SAN JOSE, Calif. — These days, a rolling pageant of glittering new data objects includes data planes, data fabrics, data streaming and more. It’s almost enough to make you forget about the shiny object of just a few years ago: the Hadoop data lake architecture.
But plenty of data teams are still working hard to successfully implement real-life Hadoop data lakes — ones that underlie many organizations’ hopes for better predictive analytics and maybe even artificial intelligence.
Such was one of the lessons from Hortonworks’ DataWorks Summit 2018. That is where people like Sudhir Menon told the story behind big companies’ moves to use their data hoards for digital transformation — as seen at tech-infused upstarts, like Airbnb and Uber.
The journey that Menon, vice president for information management at hotelier Hilton Worldwide, described includes a Hadoop data lake architecture as an integral part.
“We have a lot of information in different formats, and we are bringing that into the data lake. Every [data] entity from every channel is coming into the lake now,” Menon told a conference session audience.
The Hadoop data lake architecture has formed a basis for a potential consumer application — a new digital key app that allows Hilton Honors program guests to, in effect, check themselves directly into their room, he said.
Still, this will be a multiyear project, Menon noted. The project, which seeks to incrementally build out the Hadoop-based Hortonworks Data Platform (HDP) into a new repository for enterprise data, began about two years ago and is now moving toward going live, with many more “agile sprints” ahead, according to Menon.
The system employs a variety of tools beyond HDP, including WSO2 API management, Talend integration and Amazon Redshift cloud data warehouse software.
Populating the data lake
For Menon’s teams, populating a data lake means transforming assorted ingested data into JSON events with a microservices architecture.
The transformations are a first step in a data-refining process. The experience of many data lake users has shown data has to be sorted into some sensible format as soon as possible if it is to be used with BI tools by business analysts, although raw data versions are still preserved for experimental data scientists.
Menon emphasized, while this “renovation and innovation” project supports data science, it also provides a new foundation for leaner everyday data reporting. He said, during the course of the project, Hilton has decommissioned 380 dashboards for management reporting and replaced them with a more compact roster of 40 dashboards.
What price, data democracy?
For companies like Hilton, with years of legacy data, Hadoop data lake architectures can require significant effort.
Another data lake project is underway at United Airlines. At DataWorks, Joe Olson, senior manager for big data analytics at the Chicago-based airline, recounted a move to a new big data analytics environment that includes a data lake, along with a “curated layer of data.”

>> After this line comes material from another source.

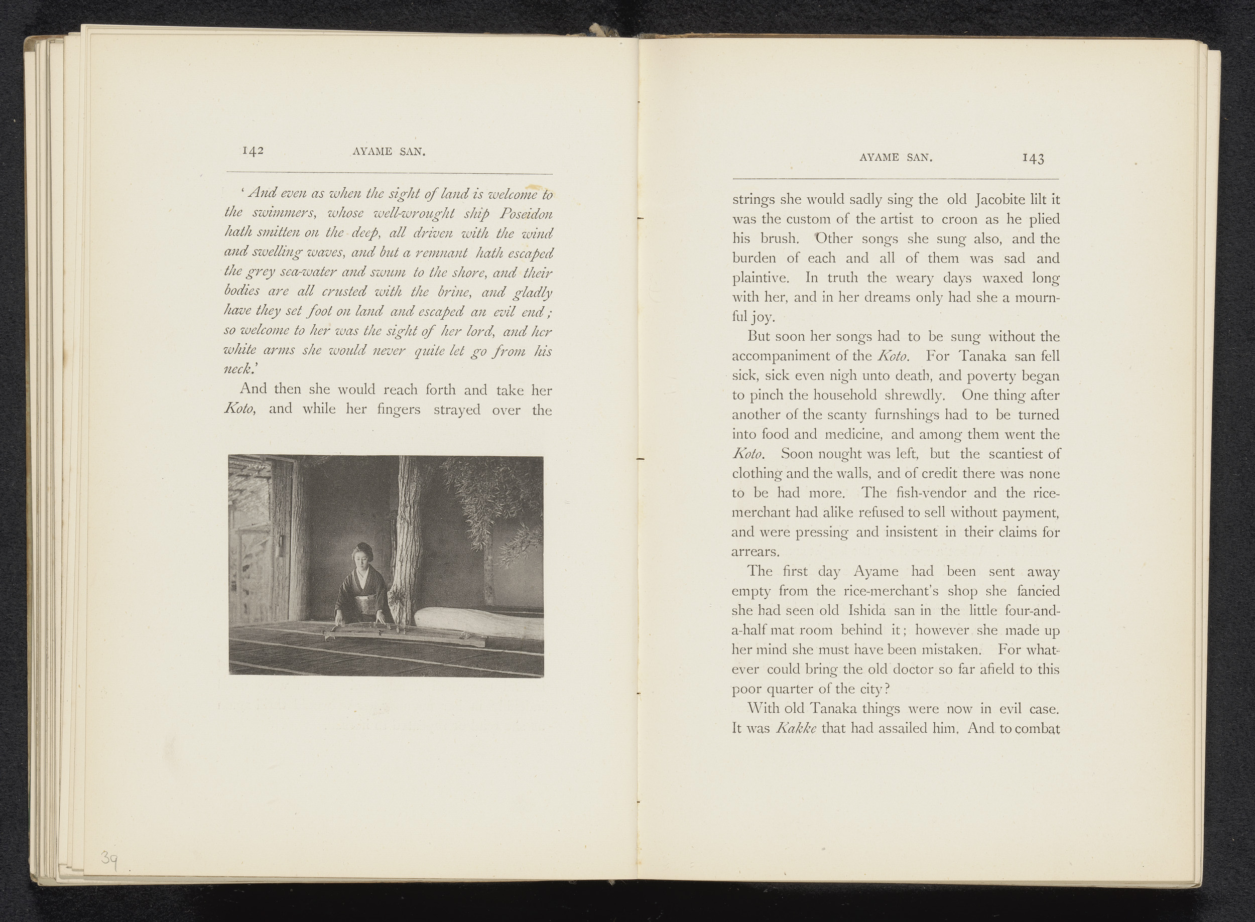 Zittende vrouw met een koto in een interieur

Olson described the significant work required to connect existing Teradata data warehouse analytics with pieces of Hortonworks’ platform.
Sudhir Menonvice president of information management at Hilton Worldwide
“Moving small data sets is trivial … but we don’t yet have a good way to handle large data sets of certain types,” Olson said in a session on big data at United.
In yet another session, which was whimsically entitled “The Curious Case of Data Lake Redemption,” Shivinder Singh, a database architect and engineer at Verizon Wireless, based in Basking Ridge, N.J., described issues the telecom giant encountered as it opened up a Hadoop data lake to a wider group of analytics users.
Singh described differences in block file sizes in Hadoop data lakes versus single-client implementations that can bring about garbage collection issues with observable performance impact. He said his teams worked with Hortonworks to address such issues in its data lake buildouts.
Despite such implementation issues, he emphasized, the Hadoop platform has helped drive diverse analytics advances, as Verizon evolved its architecture to deal with bigger and evermore variegated amounts of data.
Sampling the data fabric
While the Hadoop data lake architecture was meant, in part, to reduce data silos in organizations, the reality has been that several data lakes may arise, becoming silos in themselves. At its user event, Hortonworks expanded on its recent discussions of data fabric architectures, meant to mesh varied data lakes and other data framework components.
The company’s Hortonworks DataPlane Service (DPS) is an example, being a software layer that handles governance and data management for multiple data lakes.
Like other products from vendors that once focused solely on Hadoop Distributed File System data storage, DPS supports a variety of storage formats, including cloud object storage.
“The data fabric is an idea that has been around and has evolved to encompass the reality that, going forward, these systems will be hybrids of on-premises and public cloud systems and, eventually, will be on multiple clouds,” said Doug Henschen, an analyst at Constellation Research, in an interview
That could mean that, while the data lake may continue to find use, it may not actually be a Hadoop data lake architecture, Henschen said.
“Now, companies want the data lake concept to encompass more than just Hadoop,” he said.